13.   The tax does not apply to distributions from qualified plans, 401(k) plans, tax-sheltered annuities, individual retirement accounts (IRAs), and eligible 457 plans. But there is no exception for distributions from nonqualified deferred compensation plans subject to Code Sec. 409A. You can defer income, but be careful pulling it all out at once and exceeding the $200000. mark.  However, distributions from these plans (including amounts deemed as interest) are generally treated as compensation, not as investment income.

14. The exception for distributions from retirement plans suggests that potentially taxable investors may want to shift wages and investments to retirement plans such as 401(k) plans, 403(b) annuities, and IRAs, or to 409A deferred compensation plans. Increasing contributions will reduce income and may help you stay below the applicable thresholds.
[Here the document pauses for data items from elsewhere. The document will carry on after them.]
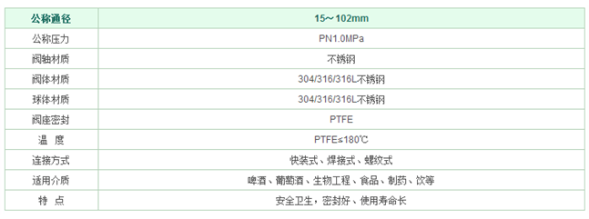 三、 衛(wèi)生級氣動球閥是由氣動角行程執(zhí)行器與衛(wèi)生級球閥裝配組成。亦稱氣動卡箍球閥,皆經(jīng)過了精密的檢驗流程和嚴格的品質(zhì)管理,流道經(jīng)過精密拋光和除菌處理,采用了全包的F4密封,沒有死角且容易清洗。衛(wèi)生級氣動球閥閥體采用不銹鋼精制而成,流道內(nèi)壁0.5um(240Grit)電子拋光,保持流體暢通無阻。密封面采用的全包PTFE沒有死角,保證衛(wèi)生。氣動卡箍球閥廣泛應(yīng)用于啤酒工程、食品工程、化學(xué)工程、制藥工程、生物工程和水處理工程等領(lǐng)域。
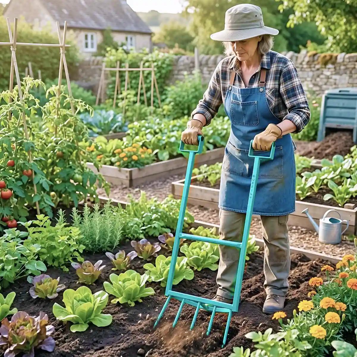 - Aère le sol en profondeur sans le retourner, afin de préserver la vie microbienne.
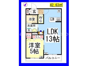 間取り | 1LDK 南東向き | 専有面積 | 42.63m 2 ( 12.89坪 ) |
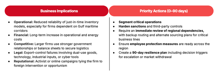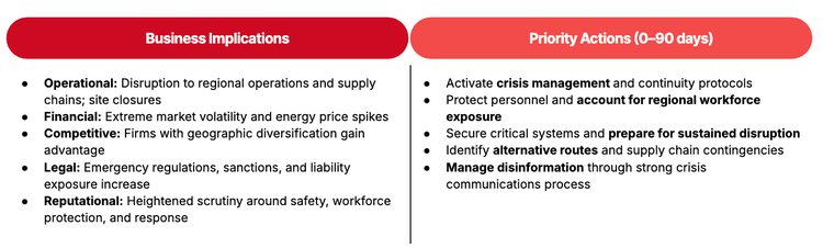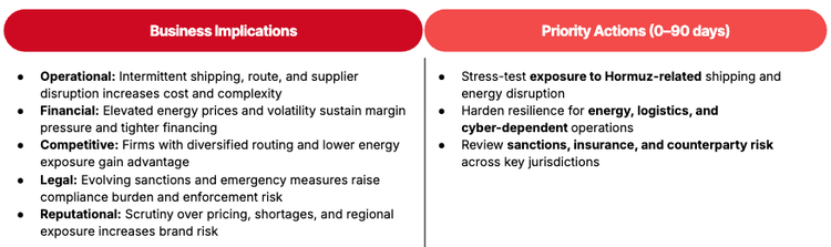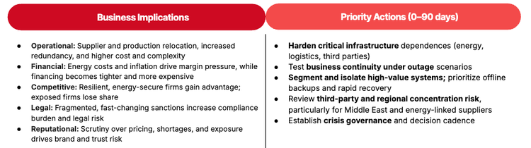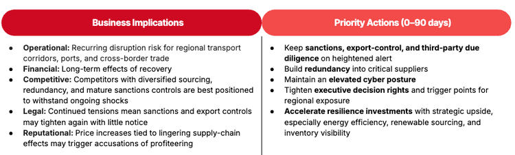 A temporary ceasefire breaks down following renewed strikes and failure to secure maritime access. Iran escalates missile and proxy attacks, including targeting Gulf energy infrastructure. With critical thresholds crossed, Saudi Arabia, the UAE, and Bahrain enter the conflict directly to protect economic and political stability. The Strait of Hormuz and Bab al-Mandab become sustained conflict zones, with repeated attacks, mining, and vessel seizures. Shipping and insurance markets withdraw at scale, severely constraining global energy flows. Energy prices surge, driving inflation and recession risk globally. Fuel shortages emerge in import-dependent economies, triggering industrial slowdowns, reduced mobility, and rolling outages. Cyber operations escalate into coordinated campaigns targeting energy, logistics, and financial systems. Legal fragmentation accelerates, with overlapping sanctions regimes, asset controls, and enforcement actions constraining cross-border operations. Russia exploits elevated energy revenues and reduced Western focus to press its advantage in Ukraine. China remains indirect but leverages Western overstretch to increase pressure on Taiwan.
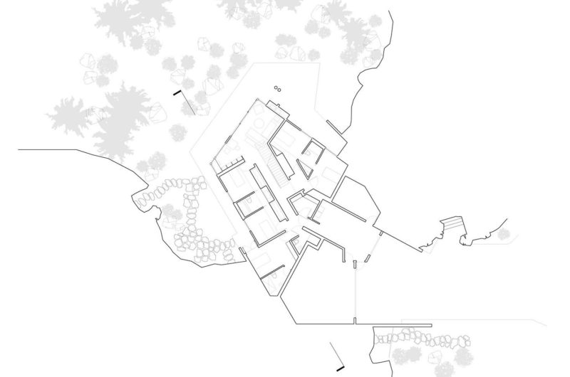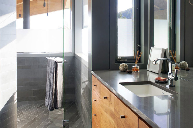 Unsurprisingly, the house was dubbed the Whistler Residence, and the architects managed to do exactly what the owners required. Even though quite large, the house seems very modest in size, thanks to some architectural and topographic tricks, such as the strategic removal of the bedrock in order to make part of the building appear to be below grade.
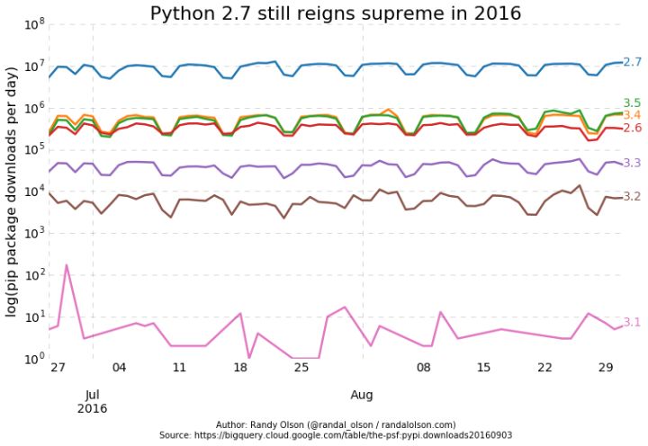 我们来看一下Python 2和Python 3的下载统计数据(Python 2.7 still reigns supreme in pip installs):
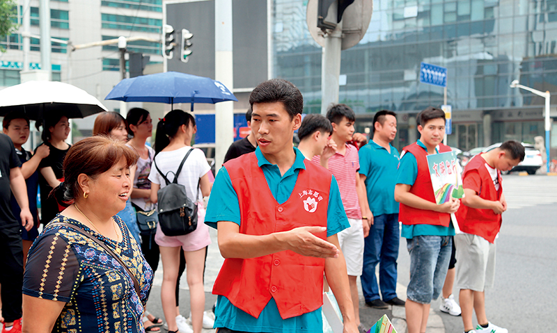 2018年夏季,快遞小哥柴閃閃在上海火車站南廣場恒豐路口做文明出行的指路志愿者
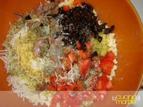 riunire in una terrina la mollica, i pomodori tagliati a dadini abbastanza piccoli, le olive e le acciughe sminuzzate, abbondante parmigiano grattato, origano a piacere, sale, un po' d'aglio schiacciato ed una quantità di olio tale da riuscire a condire il tutto
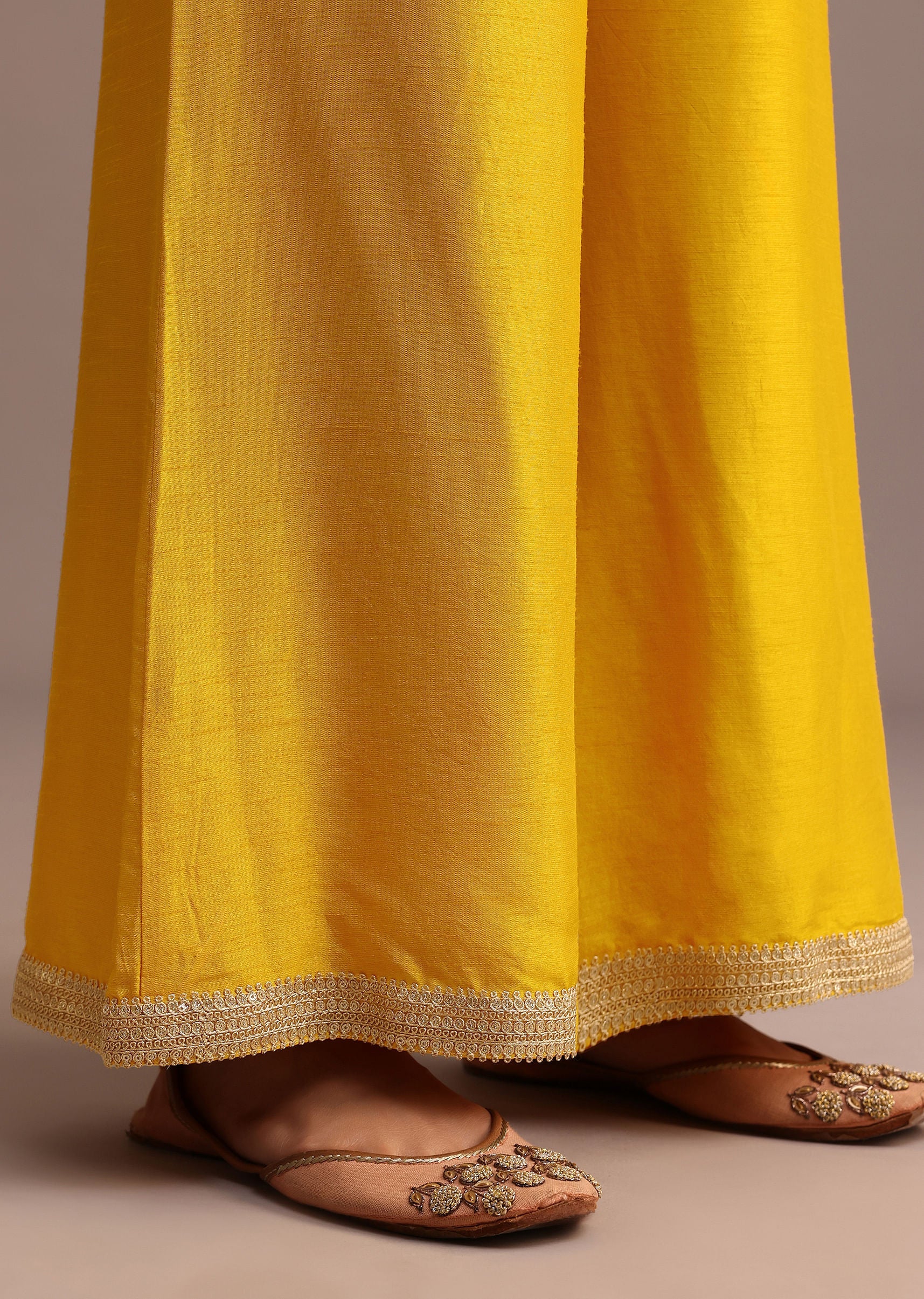 A ray of sunshine, this yellow brocade weave Anarkali set, with intricate cutdana and mirror work on the neckline, and a gorgeous brocade weave dupatta. The gotta work on the... More Product Details

Small business owners may want to set up retirement plans, especially 401(k) plans. If you have not yet established a plan, I suggest  you open one and consider increasing contributions to keep your income under $200000.  

15. Another exception is provided for income ordinarily derived from a trade or business that is not a passive activity under Code Sec. 469, such as a sole proprietorship. Small business owners may avoid the tax and investment income from an active trade or business is excluded. However, SECA (Self-Employment Contributions Act) taxes still remain intact to proprietors and partners. Income from trading in financial instruments and commodities over the income numbers will be paying the 3.8% tax.

This may be boring tax news, but very important for Realtors to advise clients who are selling high end Jumbo multi million dollar property. "Mine government" is not yet charging new larger transfer taxes in California, but this 3.8% Federal tax on the wealthy wage earner (I say this because business owners and corporations know how to write off income to avoid the $200,000. income number while w-2 earners like myself will worry about paying this). 
This is not tax advice, just news to plan around if you are a w-2 income earner who works hard and makes a good deal of money.